Call Now ≽ 9953056974 ≼🔝 Call Girls In New Ashok Nagar ≼🔝 Delhi door step de...
Call Now ≽ 9953056974 ≼🔝 Call Girls In New Ashok Nagar ≼🔝 Delhi door step de...Call Now ≽ 9953056974 ≼🔝 Call Girls In New Ashok Nagar ≼🔝 Delhi door step de...
Call Now ≽ 9953056974 ≼🔝 Call Girls In New Ashok Nagar ≼🔝 Delhi door step de...

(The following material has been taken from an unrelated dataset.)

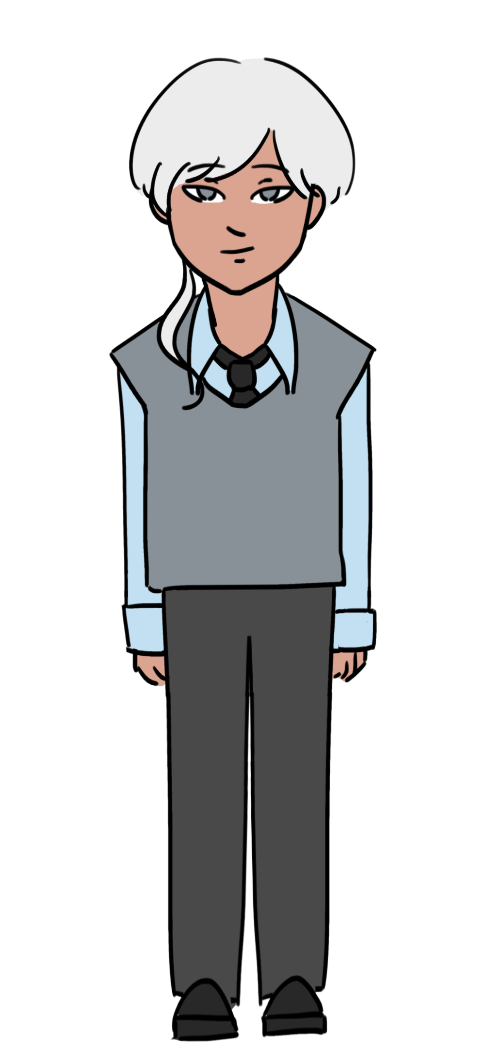 He has white hair and a rat tail. He is slender and lithe. His expression is a half lidded sly smirk punctuated with thin eyebrows. He dresses up like a teacher and loves semi-formalwear.
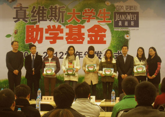 12月6日下午,公司服装公司辅导员陈小琼老师和员工代表参加了在东华大学延安路校区三教四楼报告厅举行的“真维斯老员工助学基金”颁奖仪式。上海市希望工程办公室主任助理朱豪君先生、上海真维斯服饰有限公司副总经理孙磊女士、行政部经理张莉女士、培训部经理李莺女士、推广部副经理刘振东先生,东华大学员工处处长任晓杰老师出席了助学金发放仪式。304永利集团服装公司和东华大学的78名真维斯受助员工共同参加了大会。

9953056974 Low Rate Call Girls In Saket, Delhi NCR
 
notes on Evolution Of Analytic Scalability.ppt
notes on Evolution Of Analytic Scalability.pptnotes on Evolution Of Analytic Scalability.ppt
notes on Evolution Of Analytic Scalability.ppt
MsecMca
 
VIP Call Girls Ankleshwar 7001035870 Whatsapp Number, 24/07 Booking
VIP Call Girls Ankleshwar 7001035870 Whatsapp Number, 24/07 BookingVIP Call Girls Ankleshwar 7001035870 Whatsapp Number, 24/07 Booking
VIP Call Girls Ankleshwar 7001035870 Whatsapp Number, 24/07 Booking
dharasingh5698
 
Bhosari ( Call Girls ) Pune 6297143586 Hot Model With Sexy Bhabi Ready For ...
Bhosari ( Call Girls ) Pune 6297143586 Hot Model With Sexy Bhabi Ready For ...Bhosari ( Call Girls ) Pune 6297143586 Hot Model With Sexy Bhabi Ready For ...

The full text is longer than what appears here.